Finally, our cell phones completely corrupt our communication skills. Texting someone is impersonal. The words embedded in the mechanism are dry and dank, expressing no emotions, tone of voice, or facial expressions. People can easily take what someone says out of proportion, especially when sarcasm is involved. A little misunderstanding can result in a calamity of drama. Moreover, cell phones can even give the lion from the Wizard of Oz courage to confront people. They allow the cowards to compose messages that they would never have the prowess to actually say to that person’s face. Hiding behind the screen is simple. Cyberbullies originate from this power of the keys. So do immature and intimidated boys...
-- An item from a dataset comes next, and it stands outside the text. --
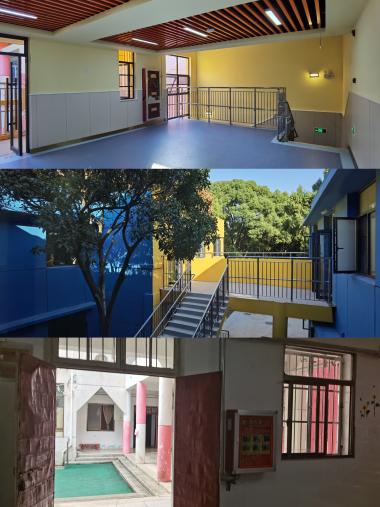 “全覆盖、零容忍、严管理、重实效”是江财基建人始终秉承的原则,施工过程中项目组成员统筹安排、有序推进,坚持以安全生产为底线,把安全工作贯穿项目的设计、施工过程、竣工验收各环节;进行幼儿园房屋结构安全鉴定,保证项目建设安全;工程围挡上官宣以展示文明校园建设中校园建设形象、接受师生监督;严抓文明施工、现场管理,积极响应使用单位需求,现场解决施工过程中的细节难点问题、克服暑期连续高温天气、疫情反复对施工带来的影响,最大程度的保证了施工期间的工作效率,推进了工程建设。

Back when I was in seventh grade, I had a crush on this boy, Will. We were both completely shallow about it and based it off of each others’ looks, but hey, what more does a seventh grader look for? Although we never actually talked in person before, he admitted to liking me as well, and we began to text incessantly. However, when I saw him in school, he would practically sprint away from me. He acted as if I was a starving killer whale, and he was the fleeing krill. We made plenty of plans to hang out, but when I showed up he never said one word to me. Meanwhile he would text me and tell me that he really liked me and that I was c00l and b3utiful. Wow....Humiliating. My seventh grade self thought that it was love, but now that I look back upon it I can’t help but laugh at my naivety and stupidity. It was plain old awkward. Face to face communication has been diminished by the use of text messaging.

Without my phone, I am undergoing a difficult withdrawal process . I find myself growing antsy about my Instagram posts. Did @ryan_falding12 like another pic?! I’ll never know! I am silently suffering without that constant Click, click, whoooosh, send... Ba-ding. Sometimes I even hear it in my sleep. I don’t know what to do with myself. But in this rehab process I finally did realize how much of a depressant my phone was. Maybe my life isn’t over. Maybe this is the beginning of perceiving the world in a brighter way. Maybe dropping my beloved pink iPhone 5 was a blessing in disguise.